Cumin to Offer More Casual Fare in Spot Next Door
Tom Demeropolis, Cincinnati Business Courier, © 2012 American City Business Journals, Inc. All rights reserved.
The owner of one of Cincinnati’s top restaurants is opening a sister restaurant next door. Alex Mchaikhi, owner of high-end Cumin Eclectic Cuisine in Hyde Park, is cooking up a concept called M, short for “my favorite.” Unlike Cumin, M will be more of a neighborhood restaurant and bar, with a twist. “There’s a market for it, especially in Hyde Park,” Mchaikhi said. “The high end is for special occasions. You have to have people come in all the time.”
Cumin has been consistently ranked as one of Cincinnati’s top 10 restaurants by Cincinnati Magazine and is among the top 10 in the city, according to ratings guide Zagat.

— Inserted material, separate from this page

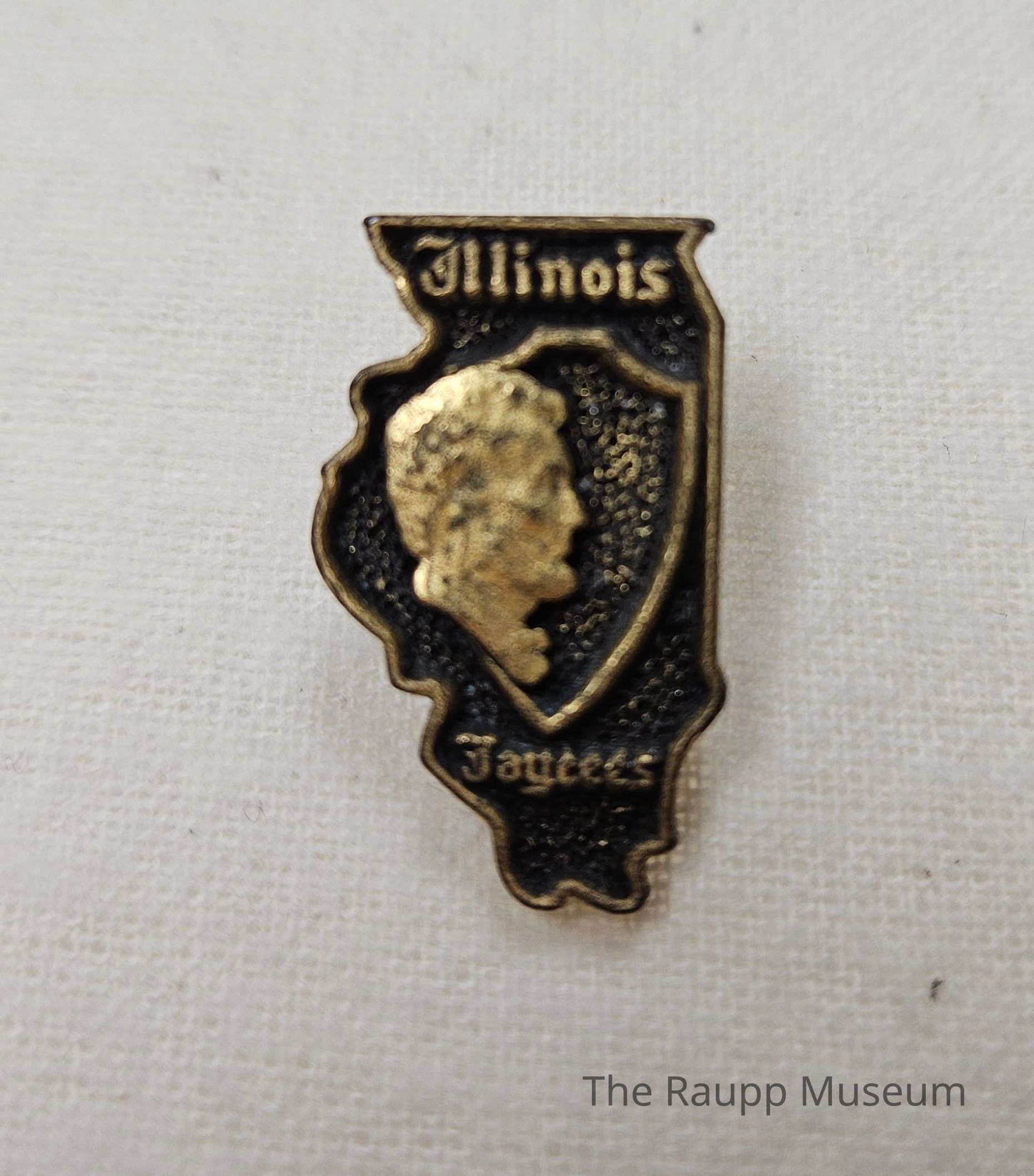 One (1) metal Jaycees pin, in the shape of the State of Illinois. Pin is black with gold accents. In the center is the side profile of Abraham Lincoln, and "Illinois Jaycees" printed top and bottom. The back has one pin stop attached.Relationships

M, with seating for 110, is scheduled to open this summer on Erie Avenue. It will fill two spaces formerly occupied by Snooty Fox and Amarin Fusion restaurant.
The menu at M comes from Owen Maass, executive chef at Cumin. Similar to Cumin, it will focus on local, seasonal ingredients, Maass said. He plans to offer wood-fired pizzas, rotisserie chicken, salads, craft beers and cocktails. Prices at M will be between $12 and $14 for an entree, compared with Cumin’s range of $20 to $40. Mchaikhi is financing the restaurant himself.
One dessert option Maass is planning is “cereal milk ice cream,” which will be house-made ice cream flavored by milk that has soaked up the flavors of different cereals.
“That’s the best part of the cereal,” Maass said.
While Mchaikhi is prepping the new restaurant, many independent restaurant owners have been closing their doors. Total restaurant visits declined from 62.7 billion in 2008 to 60.6 billion in 2011 and independent restaurants accounted for 87 percent of that decline, according to the NPD Group, a New York-based market research company.
Fine dining has been hit especially hard, said Darren Tristano, executive vice president with Chicago-based research firm Technomic Inc. Independent owners have either opened new concepts or switched to a more casual dining menu and experience, Tristano said. “Having that option allows an operator to garner more traffic,” he said.